The show is a little hard to follow. Everyone has either screwed, is currently screwing, or wants to screw everybody else—financially and otherwise. But the cast is easy on the eyes, things move quickly, and there are a few chuckles scattered among the bromides that are supposed to be profoundly telling. Take this deep thought from Grimes: “There is no truth. Companies do what they want with the numbers.”
The production is stylized—there’s a shimmying secretary (who triples as a stripper and Grimes’ trophy wife), and characters briefly tango during transitions. And the cursing. Oh, my f****** God, the cursing. The script contains so many F-bombs, David Mamet would blush.
The best—and most accurate—moments come before the show starts. With the houselights still on, Hap and Buck are at the X-shaped trading turret. As they talk on multiple phones and type furiously, they down caffeine-laden drinks, throw objects and balls at one another, fart at each other, attempt to grope the assistant, and have a push-up contest. That’s a pretty realistic encapsulation of a 10-hour day on the trading floor.
Of course, making a compelling drama/comedy out of the lives of hedge-fund managers was always going to be a difficult task. Hedgies are objects of great interest, largely because of their compensation and the assets they control. But by and large, they’re hardworking numbers adepts—you have to get up very early in the morning if you want to beat the market—who lead a pretty tenuous life. One bad year, and the trading turrets go dark.
Burleigh Grime$ is clearly trying to be of the moment. As is the current vogue, the band is on the two-tiered stage—two hard-driving sets of drummers on top, flanking the TV studio from which Elizabeth Bigley reports. And there are scripted video cameos starring James Cramer, the current King of All Financial Media.

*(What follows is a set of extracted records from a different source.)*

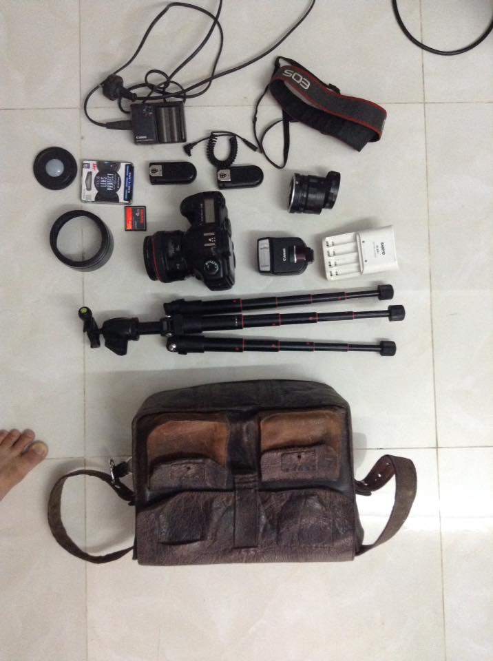 phụ kiện: 2 pin, 2 thẻ 8g, trigger, tripod, flash, filter, tube macro, túi da handmade
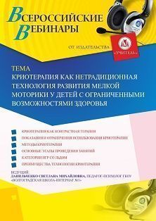 Вебинар «Криотерапия как нетрадиционная технология развития мелкой моторики у детей с ограниченными возможностями здоровья»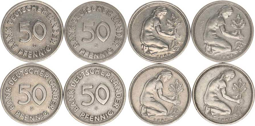 50 Pfennig 1949 D, F, G, J - Bank Deutscher Länder KM 104 4 ks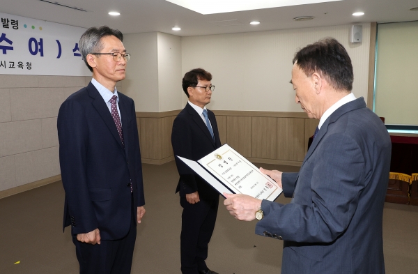 [충청뉴스큐] 대전광역시교육청은 8월 24일 10:00, 시교육청 701호실에서 2023.9.1.자 인사발령에 따른 ‘교육공무원 임명장 전수 및 수여식’을 개최했다.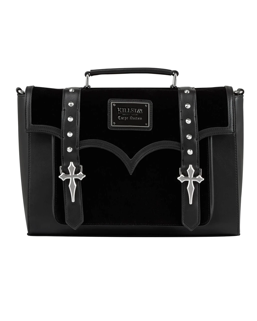 Schwarze Tasche mit Schulterriemen als Accessoire für Gothics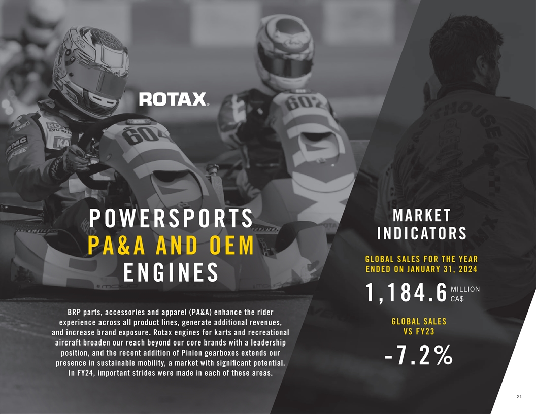 截至2024年1月31日止年度的市场动力指标PA & A和OEM全球销售与FY23相比,发动机百万级1,184.6 加利福尼亚州 $ BRP零件、配件和服装(PA & A)增强了骑手在所有产品线的全球销售体验,产生了额外收入,并增加了品牌曝光率。用于卡丁车和休闲飞机的Rotax发动机以领先地位将我们的影响力扩大到核心品牌之外,最近新增的小齿轮变速箱扩大了我们在可持续移动领域-7.2 %的影响力,这是一个具有巨大潜力的市场。在24财年,这些领域中的每一个领域都取得了重要进展。21
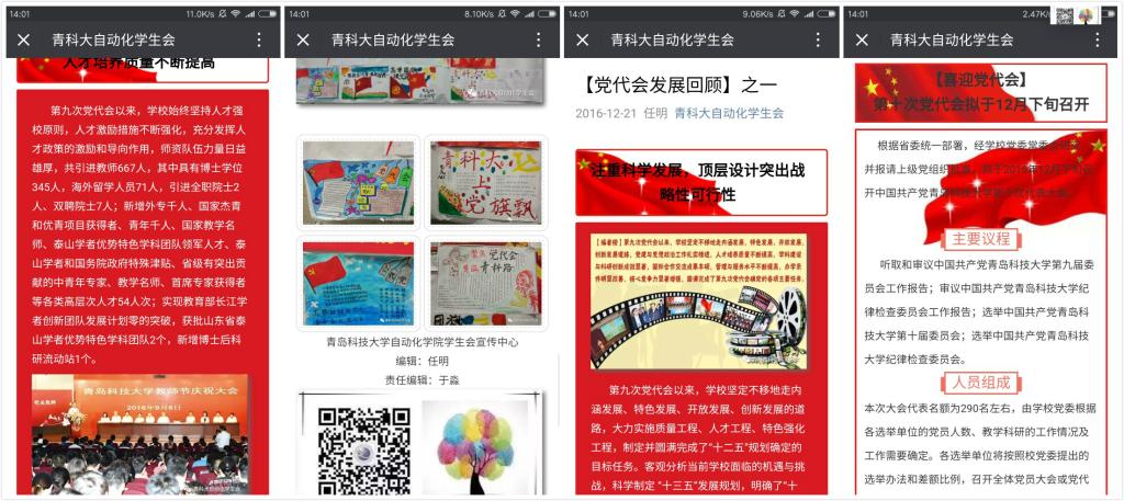 为迎接党代会的召开,学院员工会于12月上旬开始在员工会微信平台上推送有关学校第十次党代会的消息和新闻,营造了喜迎党代会的氛围。2016级各团支部积极响应高校共青团改革,坚持“凝聚青年、服务大局、当好桥梁”的原则,开展了团干部联系宿舍、帮扶同学的“暖心行动”暨班长、团支部书记要联系好一个宿舍,帮扶好一名困难同学,通过提出具体帮扶措施,以达到宿舍融洽、班级和谐、学风优良的目的,用实际行动向学校第十次党代会献礼。

Yet the show is a bit dated. Grimes wears a suit, suspenders, a red tie, a shirt with a white collar—the uniform circa 1986. And a lot of the financial talk is random, as if someone fed items from the Wall Street Journal into a computer program and it spat stuff back out. Such lag and oversimplification always happen when the popular-culture machine tries to process financial high jinks. Wall Streetcame out in 1987, just in time for the crash. Other People’s Money, an off-Broadway play in 1989, was made into a movie in 1991, just as the recession was starting. And by the time the film version of Barbarians at the Gate,that fine postmortem on the 1980s,came out in 1993, the new bull market was already starting. So, it’s no surprise that the Burleigh Grime$ premiere comes when commentators are discussing the prospect of some hedge funds having to liquidate amid the recent market turmoil.
The New York theater scene, today, as always, is banking on nostalgia. There’s early ‘60s nostalgia ( Jersey Boys), mid-’80s nostalgia ( The Wedding Singer) and early ‘90s nostalgia ( Rent). So, the modus operandi of Grimes and Bigley is very 1990s. Sure, there are plenty of traders who try to manufacture buzz and trade off it. But today’s hedge-fund big shots play a deeper game. The trading strategies of the biggest funds are fueled by proprietary algorithms. And the real big shots, like Eddie Lampert and Carl Icahn, are seeking profits by bidding for control of entire companies and getting involved in corporate governance. Besides, you couldn’t imagine trying to move a stock by getting a hot CNBC reporter to mention it—nobody really watches anymore.
So, a little sex, a lot of compromised and corrupt professionals, and an abrupt and confusing ending. Yep, it’s a lot like the late 1990s.